[Source data — start]

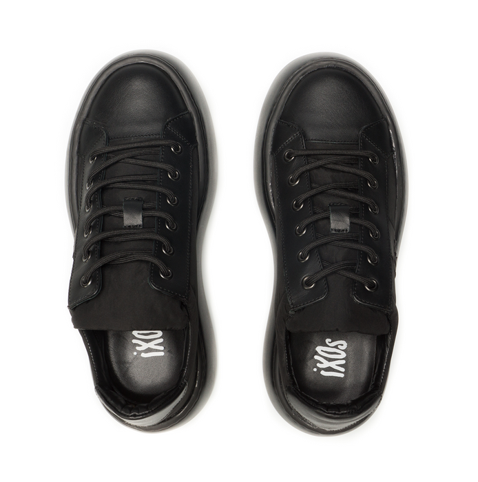Leather and technical nylon lace-up shoes in black from Ixos. A round toe, lace-up closure. Leather lining, rubber sole.
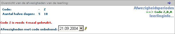 U zult merken dat code Z niet voorkomt in de lijst met aangeboden codes. Dit heeft natuurlijk een reden: de controle op het aantal periodes Z wordt hierdoor stukken eenvoudiger. De ziekteperiodes geeft u in via de knop 'Afwezigheidsperiodes'.
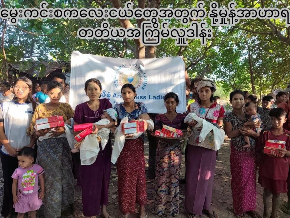 ရက္ခိုင်ပြည် ကျောက်ဖြူမြို့နယ်ရှိ စစ်ဘေးရှောင်စခန်းနေ မွေးကင်းစကလေးငယ်တွေအတွက် နို့မှုန့်အာဟာရကို တတိယအကြိမ်အဖြစ် အရွယ်စုံ Arakanese Ladies က လှူဒါန်းခဲ့တယ်လို့ သိရပါတယ်။
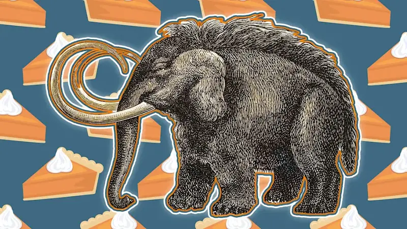 People certainly weren’t thinking of mammoths when they first began adding pumpkin pie to their Thanksgiving menus. And though pumpkins may have been part of the first Thanksgiving, pumpkin pie was nowhere to be found.
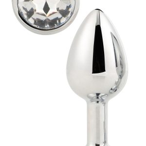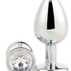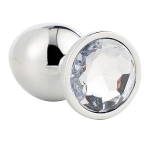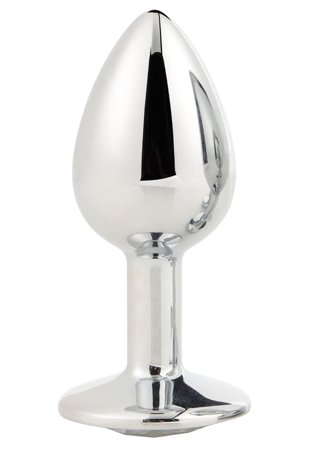 The Gleaming Love collection presents this Small sized shiny anal plug with gem stone. Made of smooth lightweight aluminium and seamless, this pleasure toy is easy to glide and the flared base ensures a sense of security while keeping the jewel sitting comfortably between the butt cheeks.This jewelled plug is beautifully decorated with a delicate round gem stone. From tip to base the seamless anal plug features a glimmering sheen that pairs wonderfully with the sparkle of the matching gem stone. The tapered bulb shape of the plug combines ease of use with erotic backdoor pleasure. The Gleaming Love plug can be heated or cooled in water before use to provide additional sensations.A storage bag made of soft velvety fabric that closes with a drawstring is included. Small plug:length 7,1 cmdiameter 2,7 cm
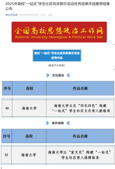 本站讯(通讯员 张井富 符琼月)8月29日,全国高校思想政治工作网公布了2025年高校“一站式”学生社区风采展示活动优秀成果。《sunbet申搏官方网站立足“四化四色”构建“一站式”学生社区文化育人新格局》入选文化建设类优秀成果,《sunbet申搏官方网站以“家文化”构建“一站式”学生社区育人保障体系》入选条件保障类优秀成果。
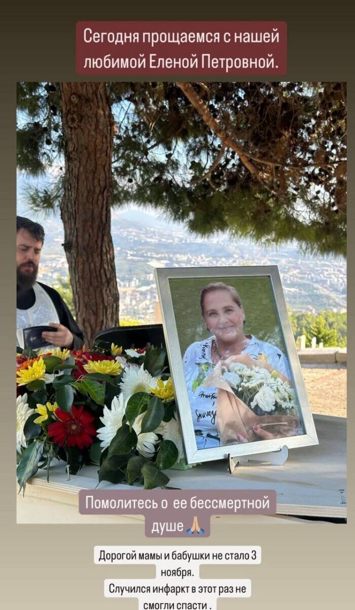 Дарья и Сергей Пынзарь — одна из образцовых пар «Дома-2». Они познакомились на проекте, влюбились друг в друга и с тех пор не расставались. Мать Сергея приняла невестку как родную дочь. У экс-героини телестройки родители умерли рано, поэтому ей была ценна любовь и забота свекрови. При переезде в Турцию супруги забрали Елену Петровну с собой. Вчера Дарья сообщила, что матери мужа не стало. У нее случился инфаркт, медики уже ничего не смогли сделать. Женщине было 67 лет. Она увлекалась кулинарией и старалась как можно больше времени проводить с любимыми внуками: Артемом и Давидом. Публикация Дарьи Пынзарь «Сегодня прощаемся с нашей любимой Еленой Петровной. Помолитесь о ее бессмертной душе. Дорогой мамы и бабушки не стало 3 ноября. Случился инфаркт, в этот раз не смогли спасти. Вспомните добрым словом нашу дорогую Елену. Пусть земля будет пухом», — написала в личном блоге звезда «Дома-2». У Елены Петровны было много планов впереди. Она мечтала открыть собственное производство консервиров

[Source data — finish]

• _Exercise requirements_
Please keep the pictures out and reproduce the records above exactly.

• _Response_
Leather and technical nylon lace-up shoes in black from Ixos. A round toe, lace-up closure. Leather lining, rubber sole.
 U zult merken dat code Z niet voorkomt in de lijst met aangeboden codes. Dit heeft natuurlijk een reden: de controle op het aantal periodes Z wordt hierdoor stukken eenvoudiger. De ziekteperiodes geeft u in via de knop 'Afwezigheidsperiodes'.
 ရက္ခိုင်ပြည် ကျောက်ဖြူမြို့နယ်ရှိ စစ်ဘေးရှောင်စခန်းနေ မွေးကင်းစကလေးငယ်တွေအတွက် နို့မှုန့်အာဟာရကို တတိယအကြိမ်အဖြစ် အရွယ်စုံ Arakanese Ladies က လှူဒါန်းခဲ့တယ်လို့ သိရပါတယ်။
 People certainly weren’t thinking of mammoths when they first began adding pumpkin pie to their Thanksgiving menus. And though pumpkins may have been part of the first Thanksgiving, pumpkin pie was nowhere to be found.
 The Gleaming Love collection presents this Small sized shiny anal plug with gem stone. Made of smooth lightweight aluminium and seamless, this pleasure toy is easy to glide and the flared base ensures a sense of security while keeping the jewel sitting comfortably between the butt cheeks.This jewelled plug is beautifully decorated with a delicate round gem stone. From tip to base the seamless anal plug features a glimmering sheen that pairs wonderfully with the sparkle of the matching gem stone. The tapered bulb shape of the plug combines ease of use with erotic backdoor pleasure. The Gleaming Love plug can be heated or cooled in water before use to provide additional sensations.A storage bag made of soft velvety fabric that closes with a drawstring is included. Small plug:length 7,1 cmdiameter 2,7 cm
 本站讯(通讯员 张井富 符琼月)8月29日,全国高校思想政治工作网公布了2025年高校“一站式”学生社区风采展示活动优秀成果。《sunbet申搏官方网站立足“四化四色”构建“一站式”学生社区文化育人新格局》入选文化建设类优秀成果,《sunbet申搏官方网站以“家文化”构建“一站式”学生社区育人保障体系》入选条件保障类优秀成果。
 Дарья и Сергей Пынзарь — одна из образцовых пар «Дома-2». Они познакомились на проекте, влюбились друг в друга и с тех пор не расставались. Мать Сергея приняла невестку как родную дочь. У экс-героини телестройки родители умерли рано, поэтому ей была ценна любовь и забота свекрови. При переезде в Турцию супруги забрали Елену Петровну с собой. Вчера Дарья сообщила, что матери мужа не стало. У нее случился инфаркт, медики уже ничего не смогли сделать. Женщине было 67 лет. Она увлекалась кулинарией и старалась как можно больше времени проводить с любимыми внуками: Артемом и Давидом. Публикация Дарьи Пынзарь «Сегодня прощаемся с нашей любимой Еленой Петровной. Помолитесь о ее бессмертной душе. Дорогой мамы и бабушки не стало 3 ноября. Случился инфаркт, в этот раз не смогли спасти. Вспомните добрым словом нашу дорогую Елену. Пусть земля будет пухом», — написала в личном блоге звезда «Дома-2». У Елены Петровны было много планов впереди. Она мечтала открыть собственное производство консервиров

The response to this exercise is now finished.